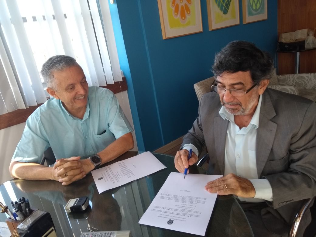 O reitor Reinaldo Centoducatte (na foto, ao lado do pró-reitor de Assuntos Estudantis e Cidadania, Gelson Junquilho) assinou nesta quinta-feira, 15, a portaria de concessão de Auxílio Material Didático de Alto Custo, destinado aos estudantes do curso de Odontologia da Ufes.
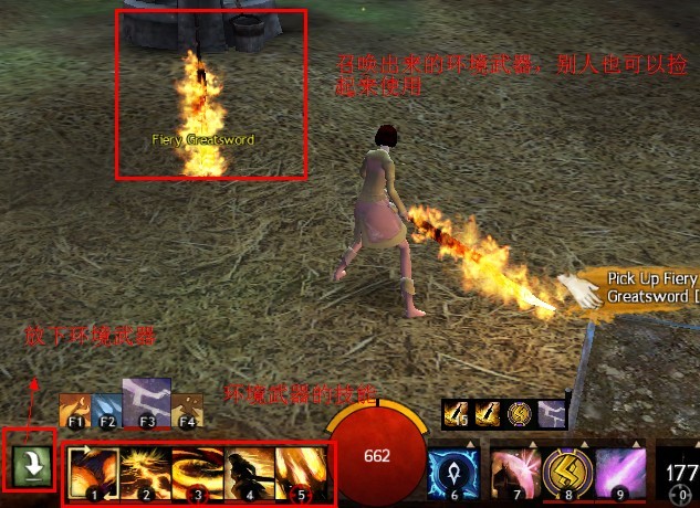 坏境武器不像普通的武器,地上的树枝、酒瓶等等很多的,捡起来就能用,用的时候有自己不同的技能(除了攻城武器召唤武器什么的一般没什么大用)。有些环境武器可以通过技能来创造出来,比如说元素的召唤魔法,和战士的旗帜技能,通常有有限的使用次数或使用时间,当它们被用光或者损坏,就不可再利用了。
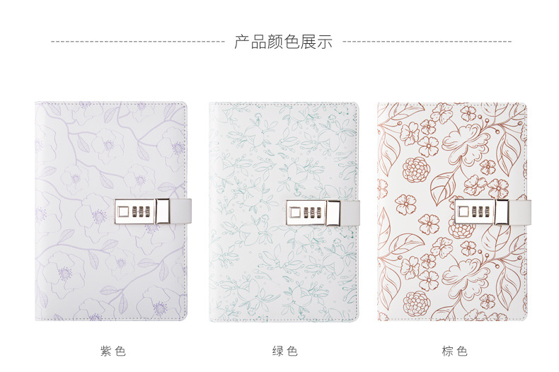 商品名称:花花系列线装密码记事本 A5皮质手账本 创意商务办公礼品

———

PROBLEM ▸ In your copy, include no pictures; print every line above exactly.

FINISHED EXERCISE ▸
 O reitor Reinaldo Centoducatte (na foto, ao lado do pró-reitor de Assuntos Estudantis e Cidadania, Gelson Junquilho) assinou nesta quinta-feira, 15, a portaria de concessão de Auxílio Material Didático de Alto Custo, destinado aos estudantes do curso de Odontologia da Ufes.
 坏境武器不像普通的武器,地上的树枝、酒瓶等等很多的,捡起来就能用,用的时候有自己不同的技能(除了攻城武器召唤武器什么的一般没什么大用)。有些环境武器可以通过技能来创造出来,比如说元素的召唤魔法,和战士的旗帜技能,通常有有限的使用次数或使用时间,当它们被用光或者损坏,就不可再利用了。
 商品名称:花花系列线装密码记事本 A5皮质手账本 创意商务办公礼品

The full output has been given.